686. Repeated String Match

Given two strings A and B, find the minimum number of times A has to be repeated such that B is a substring of it. If no such solution, return -1.

For example, with A = "abcd" and B = "cdabcdab".

Return 3, because by repeating A three times (“abcdabcdabcd”), B is a substring of it; and B is not a substring of A repeated two times ("abcdabcd").

Note: The length of A and B will be between 1 and 10000.
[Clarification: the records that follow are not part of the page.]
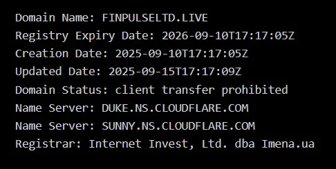 Еще один важный момент: домен finpulseltd.live был зарегистрирован 10 сентября 2025 года. Реальный стаж работы этой лоховозки всего пара недель, что никак не бьется с заявлениями на сайте о восьми годах успешной работы. Это еще один явный признак того, что мы имеем дело с лохотроном.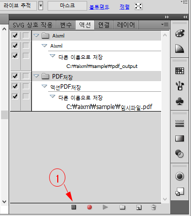 지금부터 액선을 지정 합니다. [파일]-[다른 이름으로 저장]-["임시파일PDF"]-[저장]을 하면 PDF로 저장 하는 액션이 만들어 집니다.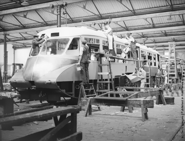 | A Great Western Railways streamlined train under construction at the Swindon Works. (Photo by Fox Photos/Getty Images). June 1935 |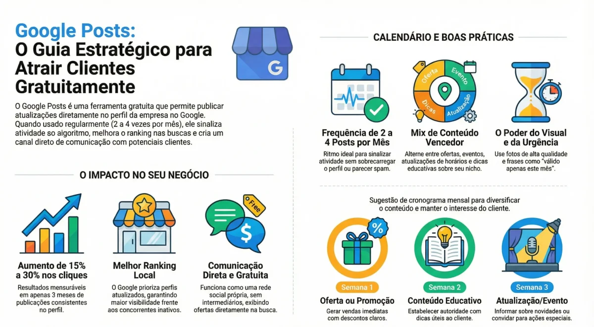 Google Posts é um recurso que a maioria dos empresários ignora completamente, mas que oferece benefício mensurável quando usado corretamente. É uma forma grátis de manter seu perfil ativo, sinalizar ao Google que seu negócio está operacional e oferecer informações frescas aos clientes que consultam seu perfil.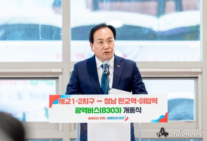 어웨이크뉴스 오경하 기자 | 오산시가 세교신도시 주민들의 교통 편익 증진을 위해 추진해 온 세교 1·2지구↔성남 판교·야탑역 간 광역버스(8303번) 운행을 오는 2일부터 시작한다.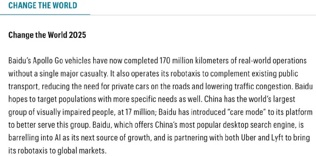 從《財富》對蘿卜快跑的評語里,能看到其獲入選的落點,放在“改變出行文明”上。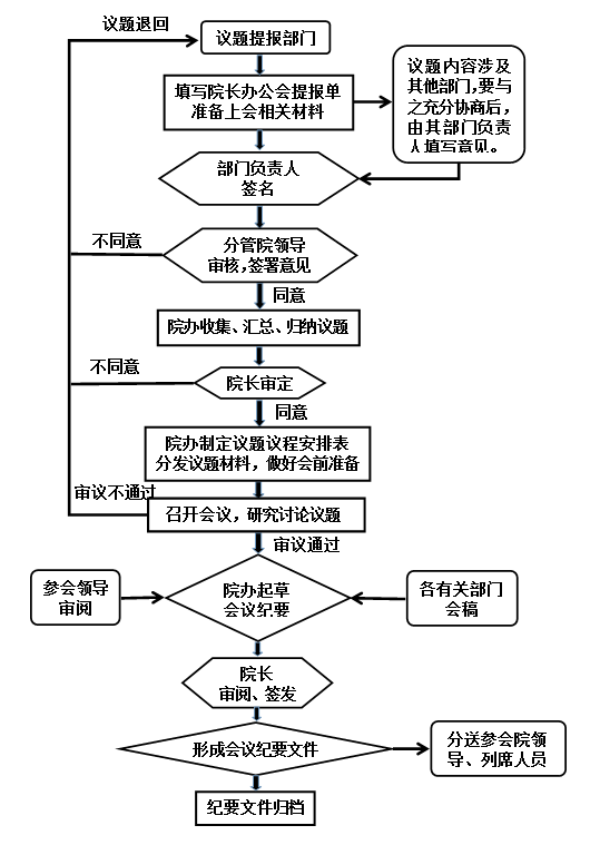 1.凡提交院长办公会讨论的议题,各主办的系部、处室、直属科必须做好充分调研,若涉及协办部门事先要进行充分协商,重大事项应有充分论证。

int repeatedStringMatch(string A, string B) { // time: O(n1 * n2); space: O(n2)
    int n1 = A.size(), n2 = B.size(), cnt = 1;
    string t = A;
    while (t.size() < n2) {
        t += A;
        ++cnt;
    }
    if (t.find(B) != string::npos) return cnt;
    t += A;
    return (t.find(B) != string::npos) ? ++cnt : -1;
}

int repeatedStringMatch(string A, string B) { // time: O(n1 * n2); space: O(n2)
    int n1 = A.size(), n2 = B.size();
    string t = A;
    for (int cnt = 1; cnt <= n2 / n1 + 2; ++cnt) {
        if (t.find(B) != string::npos) return cnt;
        t += A;
    }
    return -1;
}

int repeatedStringMatch(string A, string B) { // time: O(n1 * n2); space: O(n2)
    int n1 = A.size(), n2 = B.size();
    for (int i = 0; i < n1; ++i) {
        int j = 0;
        while (j < n2 && A[(i + j) % n1] == B[j]) ++j;
        if (j == n2) return (i + j - 1) / n1 + 1;
    }
    return -1;
}